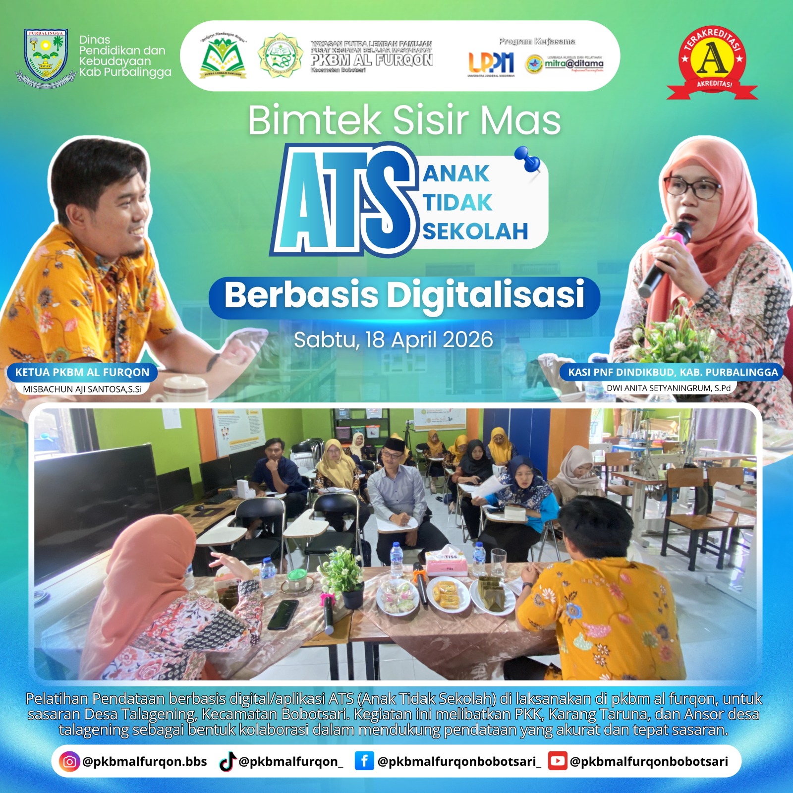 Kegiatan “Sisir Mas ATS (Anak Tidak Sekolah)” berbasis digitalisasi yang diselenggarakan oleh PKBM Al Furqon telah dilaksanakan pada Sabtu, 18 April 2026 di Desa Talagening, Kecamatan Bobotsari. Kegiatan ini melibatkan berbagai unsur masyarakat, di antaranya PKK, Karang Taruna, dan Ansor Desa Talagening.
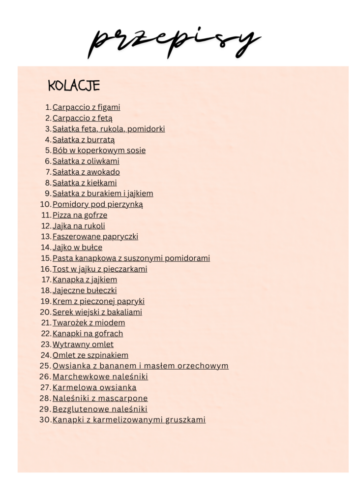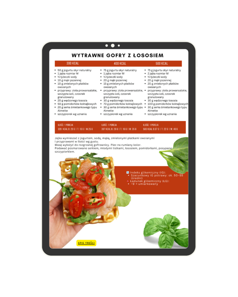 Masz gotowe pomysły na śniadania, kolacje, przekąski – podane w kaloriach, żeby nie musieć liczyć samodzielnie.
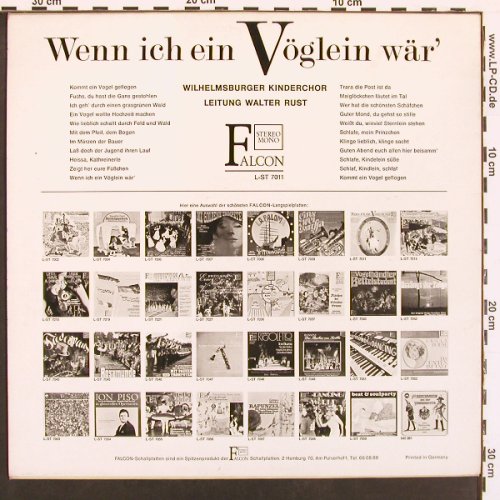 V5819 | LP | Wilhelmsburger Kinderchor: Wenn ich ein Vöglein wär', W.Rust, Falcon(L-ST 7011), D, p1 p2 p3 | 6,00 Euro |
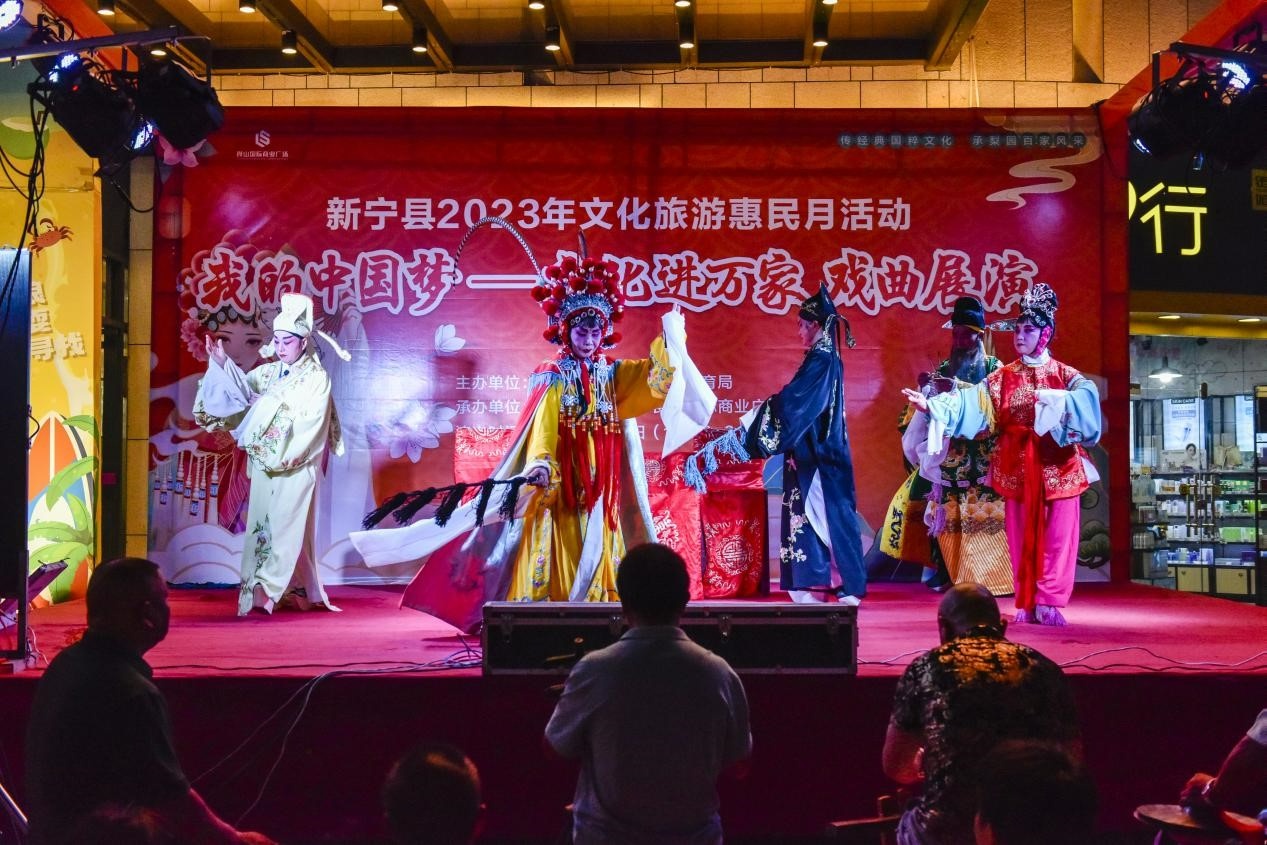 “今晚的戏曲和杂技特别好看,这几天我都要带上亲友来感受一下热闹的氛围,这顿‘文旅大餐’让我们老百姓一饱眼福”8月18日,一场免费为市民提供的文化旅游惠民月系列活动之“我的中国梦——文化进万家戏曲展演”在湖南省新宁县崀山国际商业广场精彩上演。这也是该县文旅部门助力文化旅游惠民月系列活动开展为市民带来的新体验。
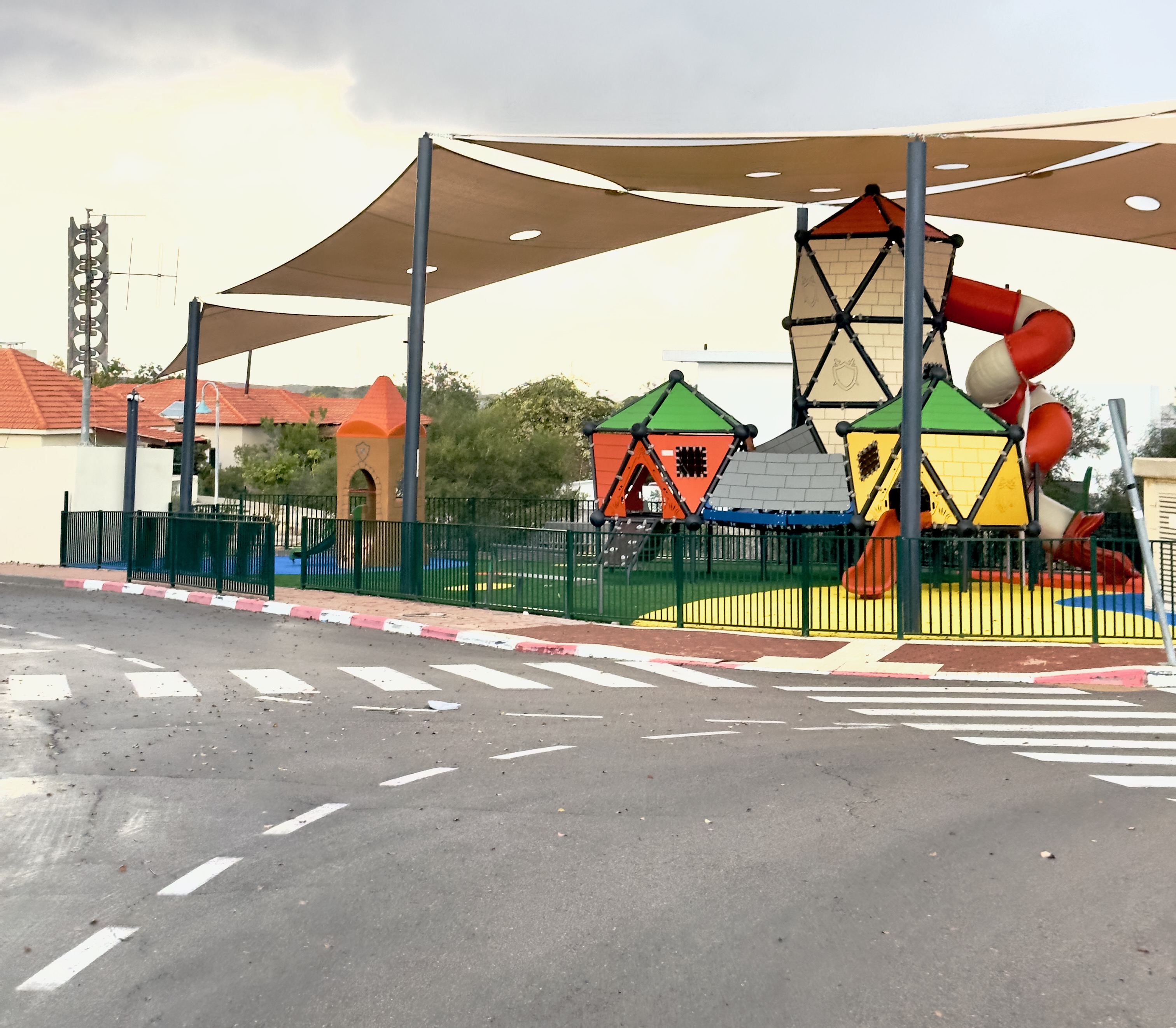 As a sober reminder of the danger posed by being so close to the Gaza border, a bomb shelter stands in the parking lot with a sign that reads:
...
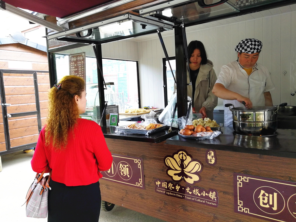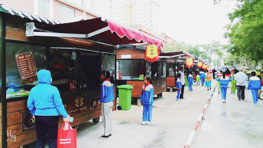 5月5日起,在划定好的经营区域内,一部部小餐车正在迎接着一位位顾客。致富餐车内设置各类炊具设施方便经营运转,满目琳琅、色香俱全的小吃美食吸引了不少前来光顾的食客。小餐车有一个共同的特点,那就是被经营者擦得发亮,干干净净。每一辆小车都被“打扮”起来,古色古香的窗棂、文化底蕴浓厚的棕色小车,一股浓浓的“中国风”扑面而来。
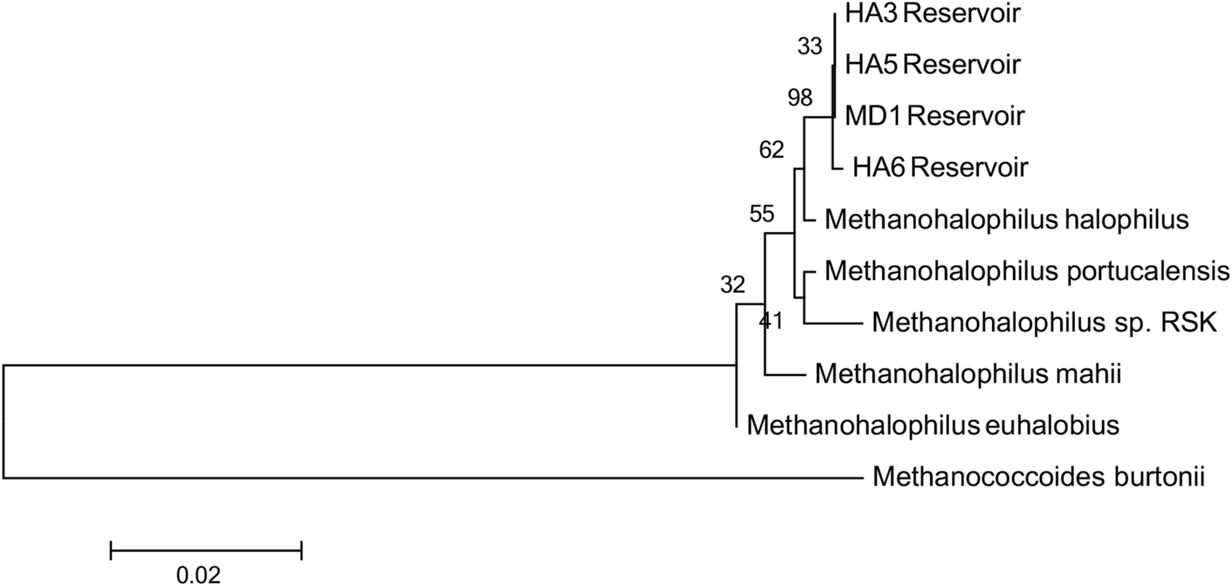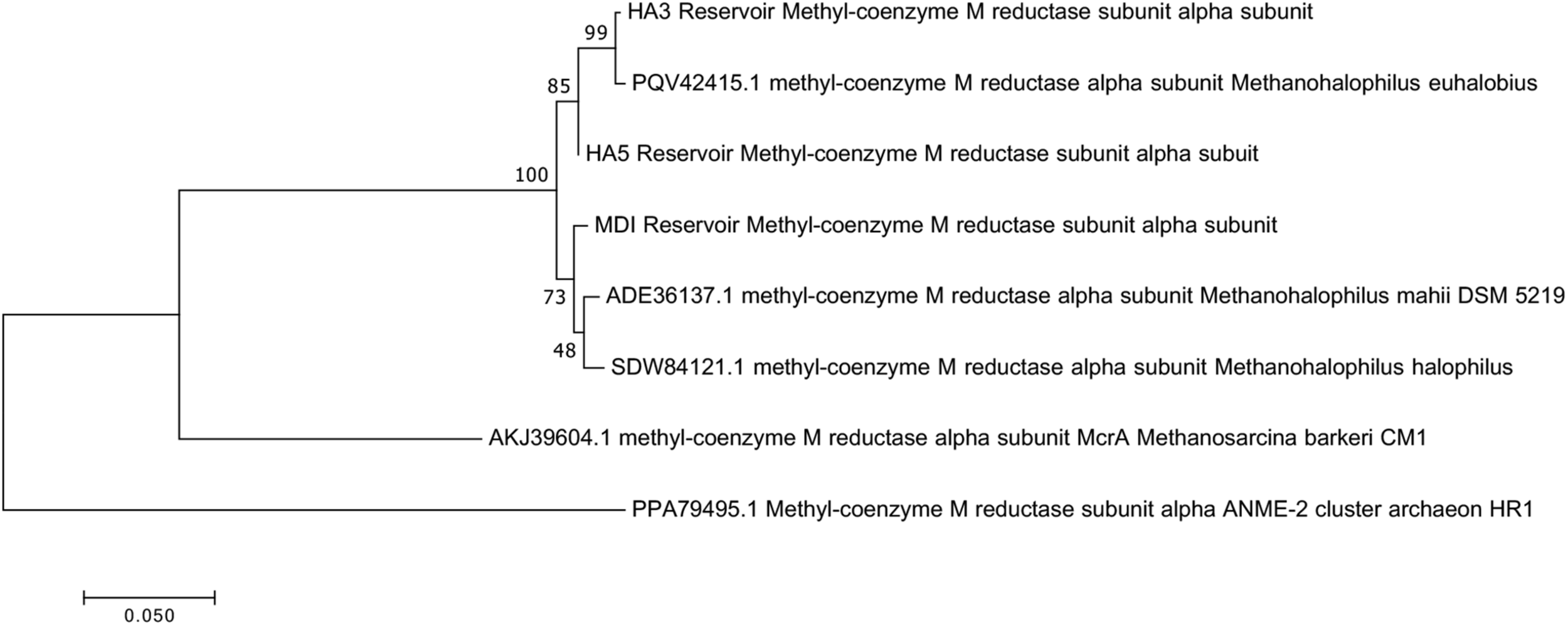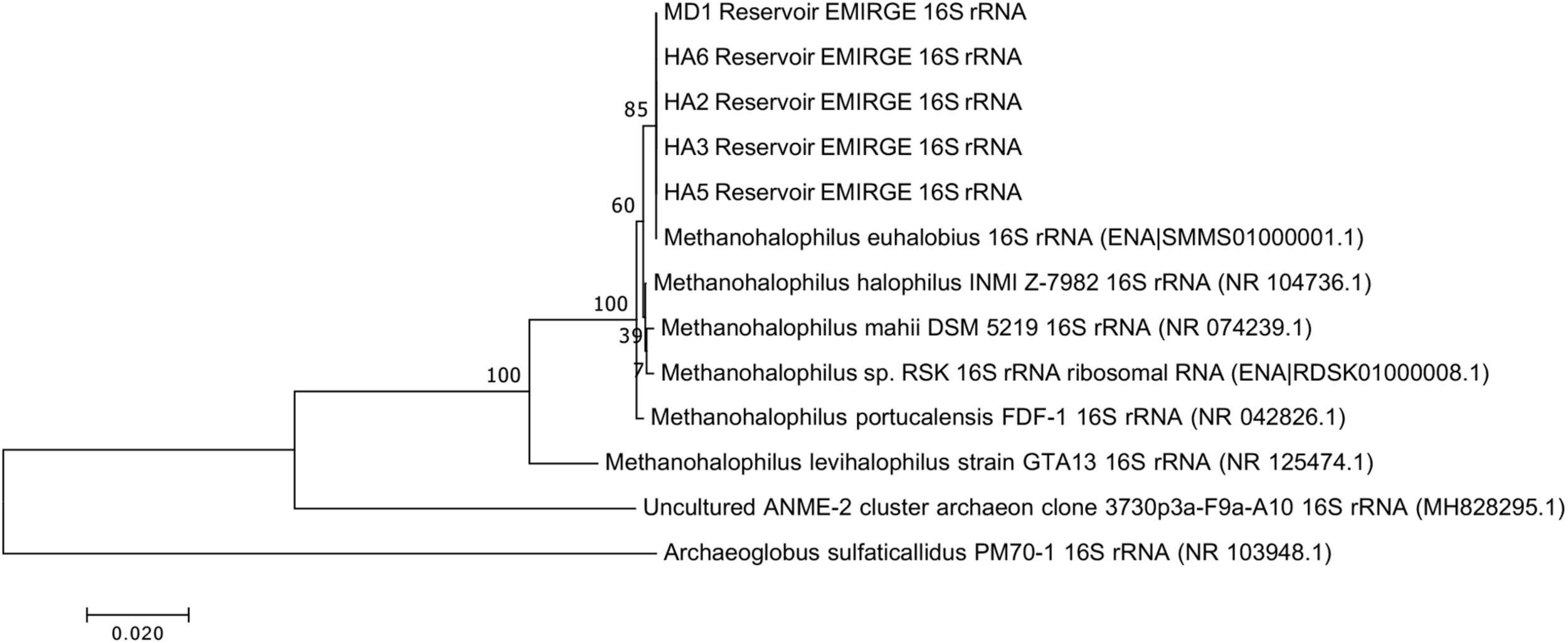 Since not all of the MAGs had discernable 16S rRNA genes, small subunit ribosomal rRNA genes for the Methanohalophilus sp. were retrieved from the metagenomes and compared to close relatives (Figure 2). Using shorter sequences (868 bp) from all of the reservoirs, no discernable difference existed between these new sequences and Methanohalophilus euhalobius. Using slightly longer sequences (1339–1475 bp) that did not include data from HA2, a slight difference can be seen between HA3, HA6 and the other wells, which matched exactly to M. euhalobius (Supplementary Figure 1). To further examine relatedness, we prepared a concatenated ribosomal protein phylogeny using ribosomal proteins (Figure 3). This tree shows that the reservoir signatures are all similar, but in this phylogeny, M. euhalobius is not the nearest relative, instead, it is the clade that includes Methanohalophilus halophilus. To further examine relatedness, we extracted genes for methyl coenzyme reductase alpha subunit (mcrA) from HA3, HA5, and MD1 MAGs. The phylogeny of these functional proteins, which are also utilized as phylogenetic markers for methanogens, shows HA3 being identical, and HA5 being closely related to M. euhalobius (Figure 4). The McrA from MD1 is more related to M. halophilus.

#### [TASK DESCRIPTION]
The material above holds pictures; leave them out and set down exactly the lines from the line with "Ansor Desa Talagening." to the line with "Masz gotowe pomysły", both included.

#### [REPLY TO THE EXERCISE]
 Kegiatan “Sisir Mas ATS (Anak Tidak Sekolah)” berbasis digitalisasi yang diselenggarakan oleh PKBM Al Furqon telah dilaksanakan pada Sabtu, 18 April 2026 di Desa Talagening, Kecamatan Bobotsari. Kegiatan ini melibatkan berbagai unsur masyarakat, di antaranya PKK, Karang Taruna, dan Ansor Desa Talagening.
 Masz gotowe pomysły na śniadania, kolacje, przekąski – podane w kaloriach, żeby nie musieć liczyć samodzielnie.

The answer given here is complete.